Show HN: AI climbing coach – visualize how to climb any route based on your body
Technical approach & capabilities
- System builds a 3D avatar of the climber from the first second of video and runs an end‑to‑end biomechanics model from video frames.
- It infers camera parameters and, apparently, some monocular depth to reason about the wall, though accuracy on complex 3D cliffs is limited.
- Path planning up the wall and generation of movement/kinematics are integrated into the same pipeline.
- Works best on indoor bouldering with clear, spaced holds and good lighting; outdoor and natural walls are possible but less reliable.
- Hold identification and wall understanding are implicitly learned rather than explicitly modeled; exact mechanisms are not fully described.
Open source, costs, and maturity
- Author plans to open source code, training pipeline, and model, but notes heavy compute and data requirements for high‑quality results.

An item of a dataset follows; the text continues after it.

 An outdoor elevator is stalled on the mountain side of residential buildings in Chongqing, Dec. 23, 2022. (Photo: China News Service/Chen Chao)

- Current system is an early research preview: works well on some examples, fails on many; demo clips are cherry‑picked.
- Licensing constraints around certain body models (e.g., SMPL‑family) were raised; commercial use may be restricted.

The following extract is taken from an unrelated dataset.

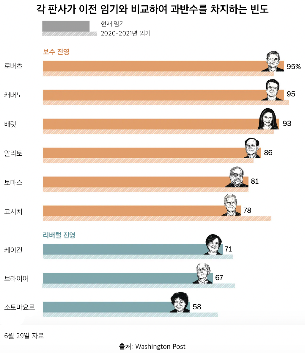 * 역자 주: 현재 미국 대법원 대법관은 존 로버츠(John Roberts) 대법원장을 포함해 모두 9명이다. 임명 순서에 따른 나머지 대법관 8명은 클래런스 토머스(Clarence Thomas), 스티븐 브라이어(Stephen Breyer), 새뮤얼 알리토(Samuel Alito), 소니아 소토마요르(Sonia Sotomayor), 엘레나 케이건(Elena Kagan), 닐 고서치(Neil Gorsuch), 브렛 캐버노(Brett Kavanaugh), 에이미 코니 배럿(Amy Coney Barrett Ketanji Brown Jackson)이다. 이 가운데서 민주당이 지명한 진보 진영 대법관은 소토마이어, 브라이어, 케이건 3명이며 나머지 6명은 모두 공화당이 지명한 보수 진영 대법관이다. 은퇴하는 브라이어 대법관은 최근 바이든 대통령이 지명한 최초의 흑인 여성 대법관 커탄지 잭슨(Ketanji Jackson)에 의해 계승되었다.

Use cases and perceived value
- Suggested uses: beginner coaching, visual beta suggestions, comparing your attempts to an “optimal” avatar, movement analysis, gym features (ghost climber overlays), and possible support for route setters.
- Some see parallels to golf swing or tape analysis in other sports.
Limitations & skepticism
- Many climbers doubt it can handle micro‑details: hold texture, polish, tiny orientation changes, dual textures, and subtle friction differences.
- Concerns that it ignores climber‑specific strength, flexibility, and injury constraints, so suggested beta may be physically unattainable.
- Questions about how it knows which holds are “on,” where the top is, and how it infers 3D positions of unused holds; these remain unclear.
- Some view route grading or safety‑critical advice as unreliable without texture/depth and worry about trusting AI in dangerous contexts.
Climbing culture reactions
- Strong split: some are excited and eager to try it; many say it removes a core joy of climbing—solving the puzzle themselves and sharing beta with partners.
- Others argue structured feedback and expert‑like beta can drastically speed learning, especially for newer climbers.
- Broader debate appears about AI’s role in creative tasks like route setting and whether algorithmic routes could or should replace human craft.